Each line from the top of the listing down to and including the line with "Cercei din aur" must be duplicated exactly; pictures are to be skipped.

--- Records to process Enclosed Below ---

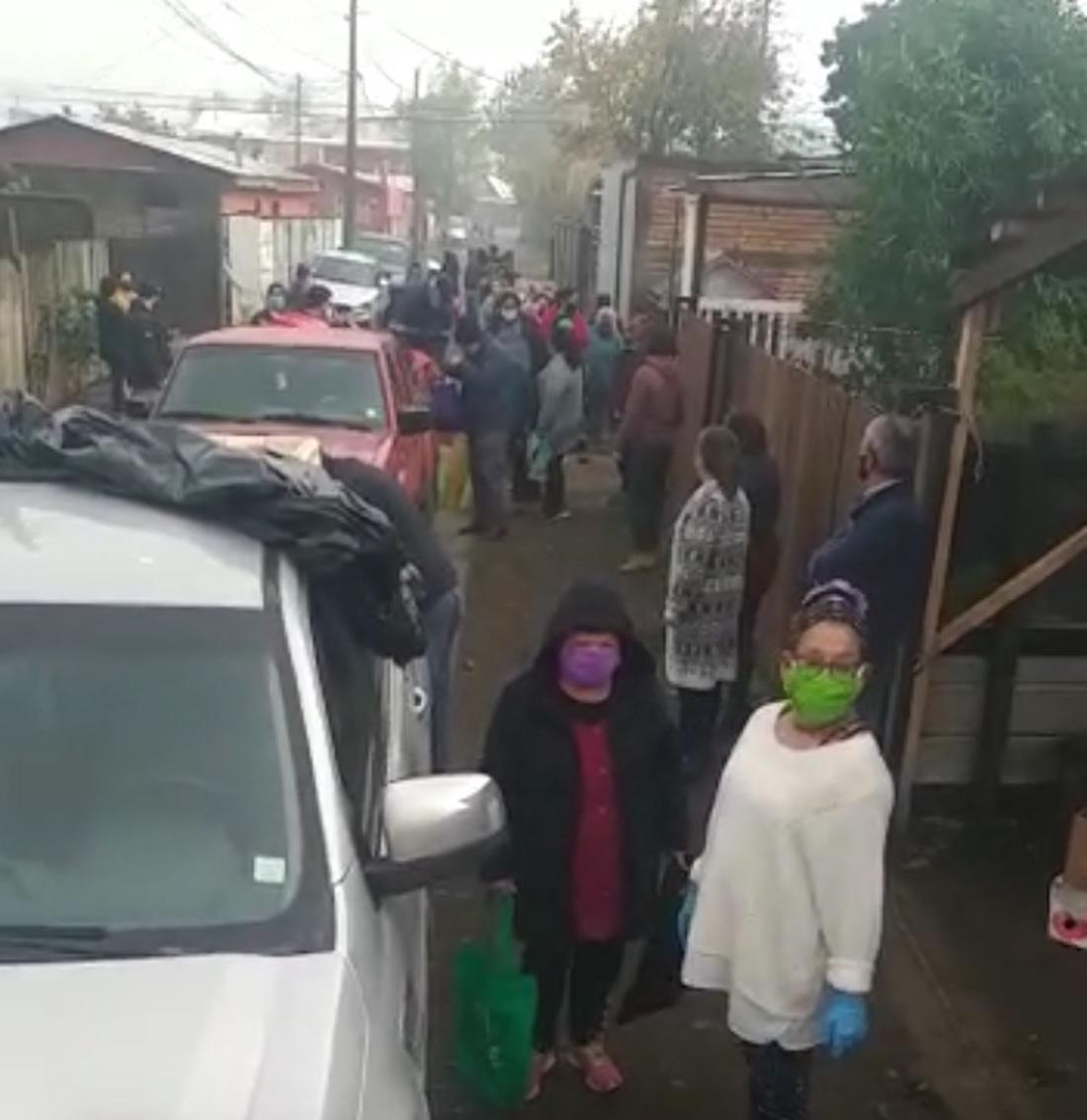 "Aquí nos encontramos en el sector San Antonio, con nuestra cooperación de nuestra caleta, de todos los pescadores, aquí estamos haciendo entrega de los pescaditos, las papitas, a cada uno de los habitantes de San Antonio ...", dijo uno de los pescadores mientras hacían la entrega.
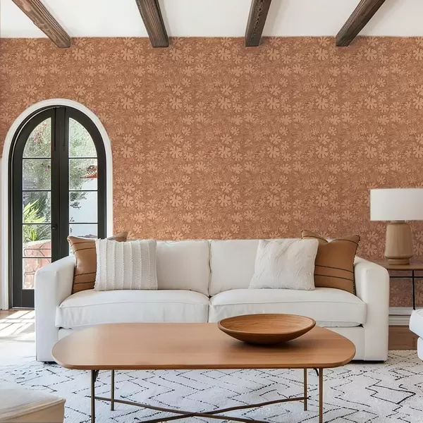 Tapety Liście polne i trawy w palecie kolorów terakota-beż Nr. a00847
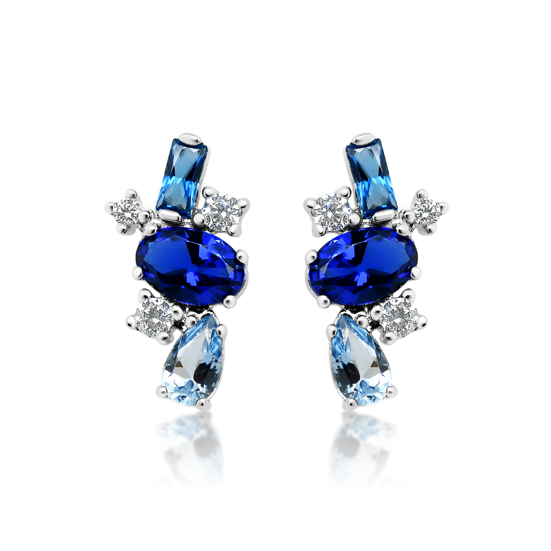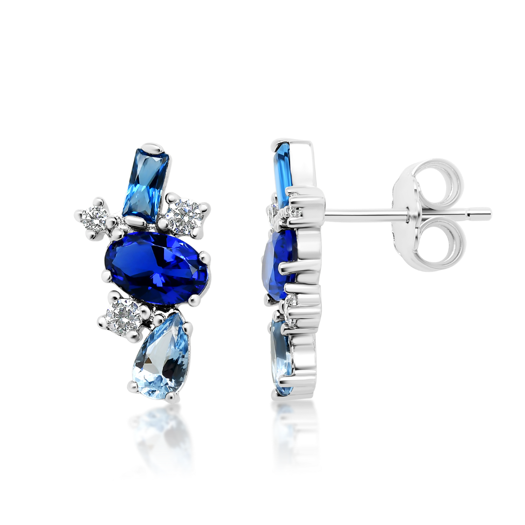 Cercei din aur alb de 14K cu pietre cubic zirconia.
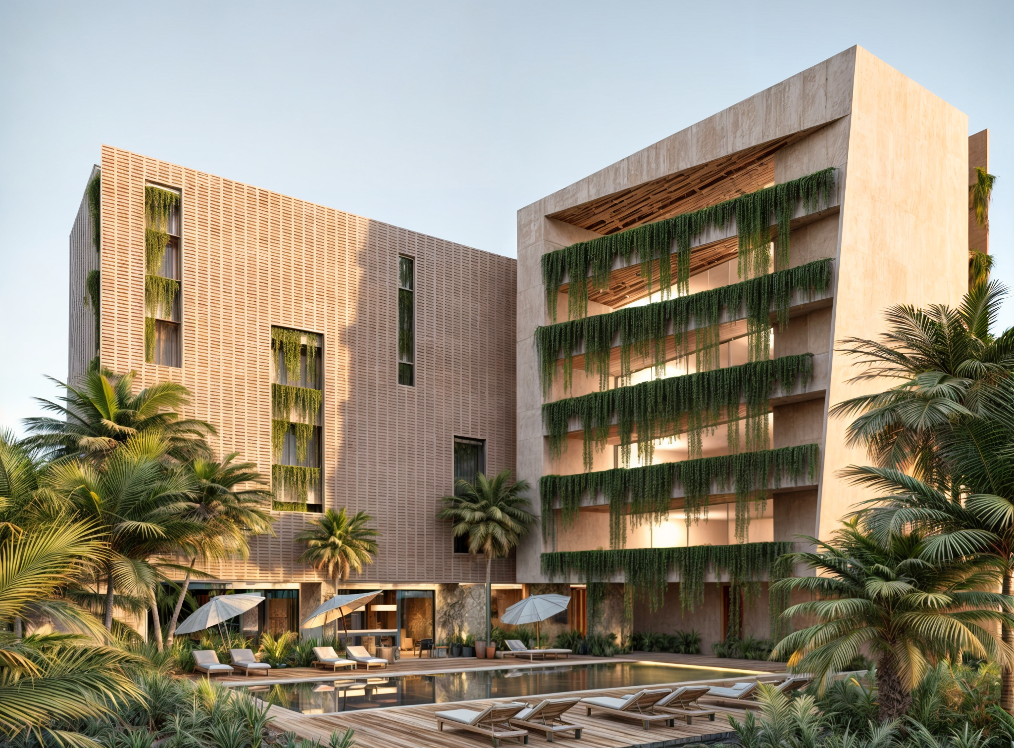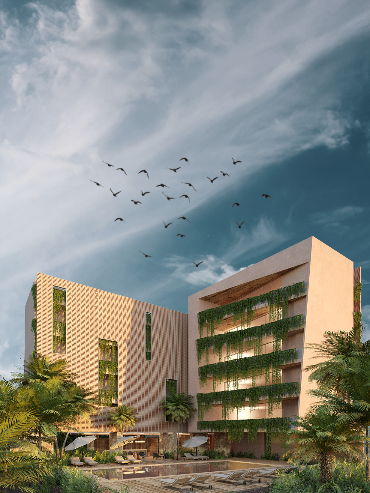El proyecto 'Macondo' se ubica en la exuberante selva de Tulum y busca crear una conexión armoniosa con su entorno natural. Con la premisa de preservar la naturaleza, este desarrollo se compone de pequeños departamentos destinados a albergar a 60 propietarios, integrando la arquitectura con el paisaje selvático. El diseño del proyecto prioriza la conservación del medio ambiente y la mínima alteración del entorno natural. En el primer nivel, se ha implementado una planta libre que alberga las áreas comunes, incluyendo piscinas, bares y zonas deportivas. Esta configuración abierta permite una circulación fluida y un uso flexible del espacio, fomentando la interacción social y el disfrute del entorno. Las estructuras están construidas con materiales locales y sostenibles, integrando elementos naturales en el diseño arquitectónico para mantener la estética y la funcionalidad en armonía con la selva. Grandes ventanales y balcones permiten a los residentes disfrutar de vistas panorámicas y de la ventilación cruzada, reduciendo así la necesidad de climatización artificial. El proyecto 'Macondo' no solo ofrece un refugio cómodo y moderno, sino que también promueve un estilo de vida en sintonía con la naturaleza. Los espacios comunes, diseñados para el ocio y el bienestar, invitan a los residentes a disfrutar de la serenidad y la belleza del entorno selvático, creando una comunidad sostenible y consciente del medio ambiente en el corazón de Tulum
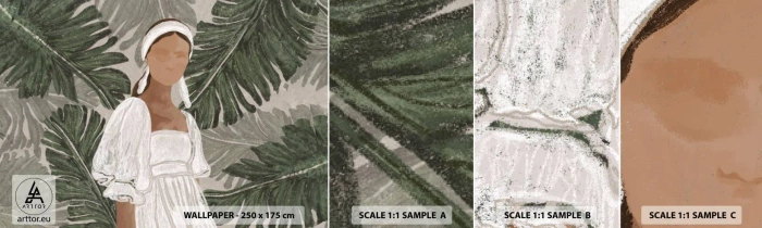 Mostră de Tapet Standard Eco - Portret exotic - Boho, Femeie, Frunze - 100x30 cm
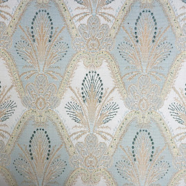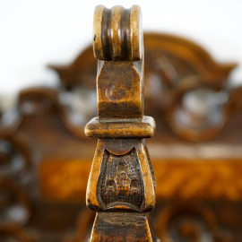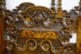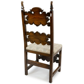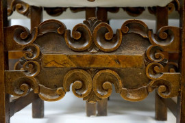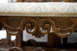 Sei sedie in noce, XIX secolo, particolari scolpiti ed intagliati, sedute in stoffa ricamata beige, cm h 116, (difetti).
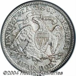 <table><tr><td><table><tr><td>1888-S 25C MS65 NGC. The 1888-S holds the distinction of being the only mintmarked quarter dollar from the 1880s, and it is, in fact, much scarcer than its more famous P-mint counterpart. This particular coin is sharply struck throughout with strong mint luster that underlies the gray patina seen over each side, and the margins frame the gray centers with subtle gradations of pale blue. There are no reportable abrasions on either side of this scarce and important late-date quarter. Population: 10 in 65, 7 finer (3/04).From the Robert Bowling Collection. <BR><BR><B>Important notice:</B> Heritage usually auctions material at the rate of 200-250 lots per hour. On some occasions eBay Live bid software or the Internet may not be able to keep up with the pace of the auction. We recommend placing a realistic absentee bid now as insurance to avoid disappointment. Occasionally the auctioneer may eliminate or reject an eBay Live bid, and the auctioneer may also reopen a lot after the close of the eBay live bidding (usually because we missed an audience bid), and may reject your bid even if it shows you as the winning bidder. By bidding via eBay Live, you agree that Heritage may award the lot to another bidder at its sole discretion under the circumstances described above or any other reasonable circumstances. Since eBay bids are not shown to us until we open the lot on the floor, we treat those bids just like floor bids. In most cases the floor responds before the eBay bid is presented to us, due to Internet lag time, so for consistency we have made it a policy that floor bids are always considered first over tie eBay live bids. Also please note that all Heritage lots purchased through eBay Live carry a 20% Buyer's Premium. Please make sure you read the Terms and Conditions before you bid. <BR><BR><B>IMPORTANT ANNOUNCEMENT ABOUT RESERVES:</B> Heritage now divulges all reserves on its web site 7 days before every auction. If you want to know whether the reserve on this lot has been met, and if not, what the reserve amount is, please visit this lot page on the HeritageCoin.com web site, or email: bid@HeritageGalleries.com </span></font></td></tr></table></td></tr></table>
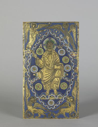 Keywords: French - Christ in Majesty - Walters 4485.jpg Originally paired with an image of the Crucifixion this plaque was once attached to the binding of a Gospel book or a missal When the book was read aloud during the liturgy its enameled covers would have reminded the faithful of Christ's earthly suffering and heavenly glory The son of God sits upon a rainbow surrounded by four creatures that symbolize the Evangelists The Greek letters alpha and omega that flank Jesus' head refer to his words See I am coming soon; my reward is with me to repay according to everyone's work I am the Alpha and the Omega the first and the last the beginning and the end Revelation 22 12-13 ca 1200 Medieval champlevé enamel copper gilt cm 23 13 2 accession number 44 85 24158 Raoul Heilbronner Paris date of acquisition unknown by purchase Henry Walters city Baltimore Walters Art Museum Henry Walters Acquired by Henry Walters 1910 Realms of Faith Medieval and Byzantine Art from the Walters Art Museum Frist Center for the Visual Arts Nashville 2001-2002 Realms of Faith Medieval and Byzantine Art from the Walters Art Museum Frist Center for the Visual Arts Nashville 2002-2005 Illuminating the Word Gospel Books in the Middle Ages The Walters Art Museum Baltimore 2004 Realms of Faith Medieval and Byzantine Art from the Walters Art Museum Museum of Biblical Art New York; Colby College Museum of Art Waterville; Joslyn Art Museum Omaha 2008-2009 place of origin Limoges France Walters Art Museum license Medieval metalwork in the Walters Art Museum Art of France in the Walters Art Museum Media contributed by the Walters Art Museum needs category review Gospel Books covers from France Limoges champlevé |
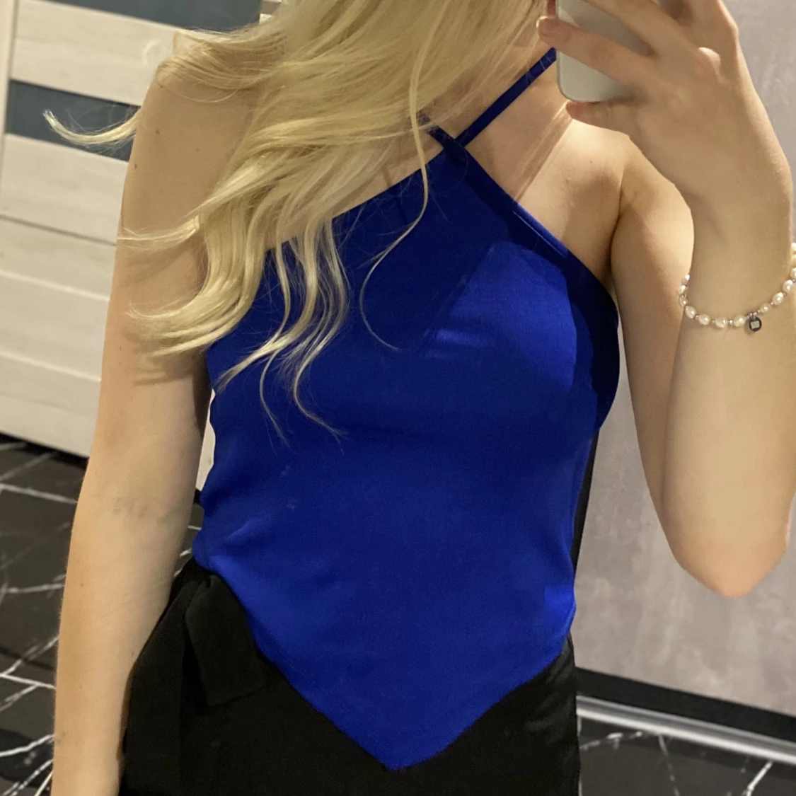 Blå festligare tröja från Ginatricot. Aldrig använd så i nyskick. Passar XS/S
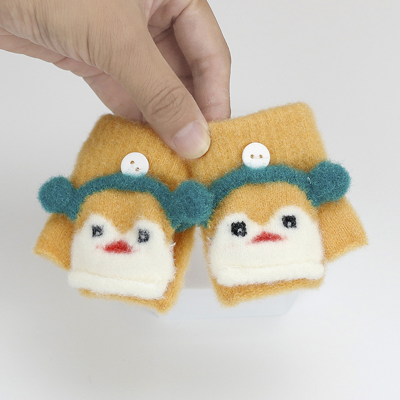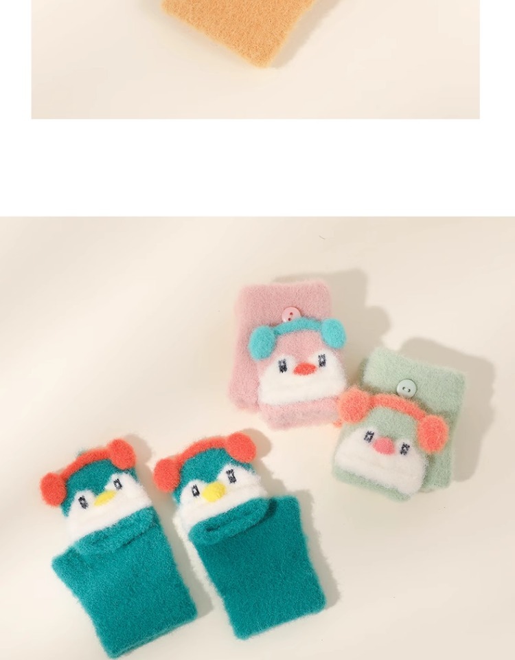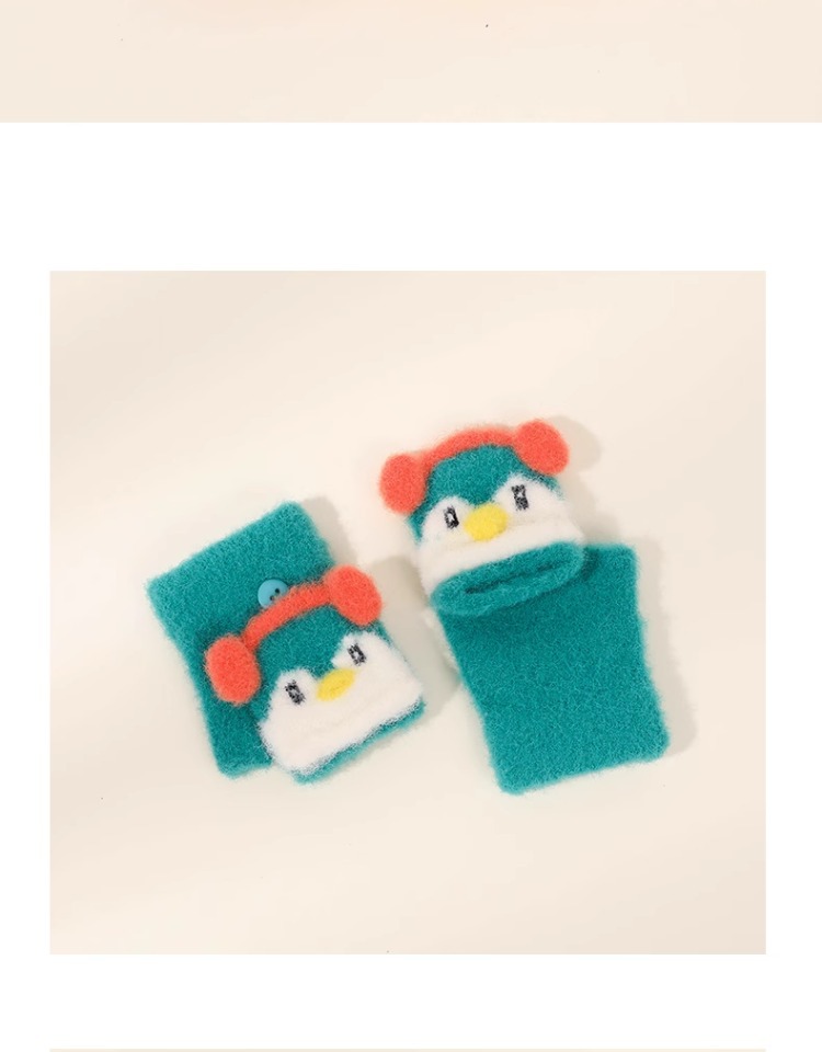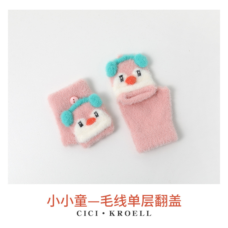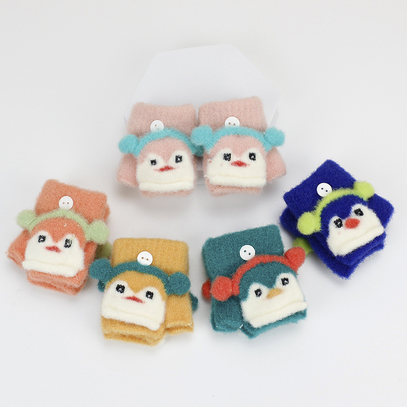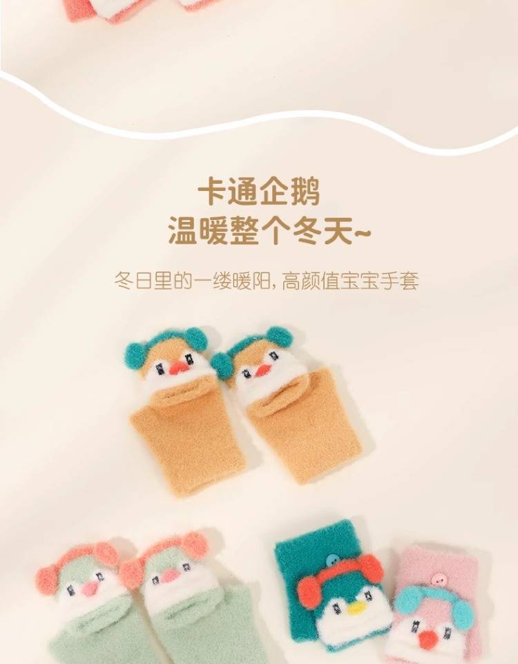 婴幼儿卡通保暖手套秋冬防寒可爱男女宝宝半截露指头音乐企鹅翻盖

--- End of Enclosed Records to process ---

### The completed task
 "Aquí nos encontramos en el sector San Antonio, con nuestra cooperación de nuestra caleta, de todos los pescadores, aquí estamos haciendo entrega de los pescaditos, las papitas, a cada uno de los habitantes de San Antonio ...", dijo uno de los pescadores mientras hacían la entrega.
 Tapety Liście polne i trawy w palecie kolorów terakota-beż Nr. a00847
 Cercei din aur alb de 14K cu pietre cubic zirconia.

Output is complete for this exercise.